My time at Mansfield allowed me to make lifelong friends from other countries and awakened an interest in international affairs and working with allied and partner nations – as I did while a military officer, and as I continue today in the aerospace industry.

Akaela Michels-Gualtieri (VSP: English, 2023)
At 18 years old, as my peers headed off to university, I packed my bags and moved to Italy with the dream of becoming a professional trapeze artist. By the age of 30, I had achieved more than I had ever imagined possible: starring as a solo swinging aerialist with Cirque du Soleil and Ringling Brothers. Then, a debilitating injury during a rehearsal left me incapacitated. Like Kafka’s Gregor Samsa, I awoke one morning in a body I did not recognise, and was forced, without warning, to reinvent myself. I had to reimagine my future given the very real possibility that I might never heal from my injury.

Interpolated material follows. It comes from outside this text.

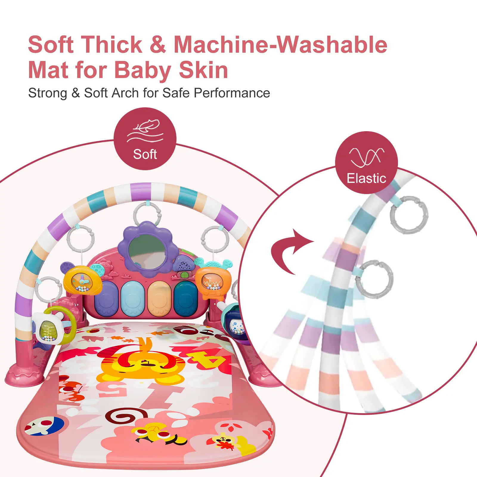 The mat is way too thin. I had to put this is a bassinet. It keeps my granddaughter's attention I'm just disappointed that the mat is thin.

That path carried me first to Brown University, and then to Mansfield. One of the highlights of my time at Oxford was Mansfield’s interdisciplinary approach to academic scholarship. I was able to merge my passion for history and Shakespeare by charting how the implementation of anti-miscegenation legislation in Jacobean England, Antebellum America, and Imperial Germany shaped the textual evolution of Othello. I am thrilled that my paper, ‘Othello: A Moor Rorschach Test,’ was published in October 2024 in New Theatre Quarterly (Cambridge University Press).
I recognise that my path has been anything but traditional. I will be forever grateful to Mansfield College, and Dr Helen Lacey in particular, for taking a chance on me. I have never felt more at home than I have at Mansfield, which is truly a College for nonconformists like me. I am grateful for the incredible opportunity I had to embrace a new type of flight – to soar once again. But this time with my feet firmly planted on the ground.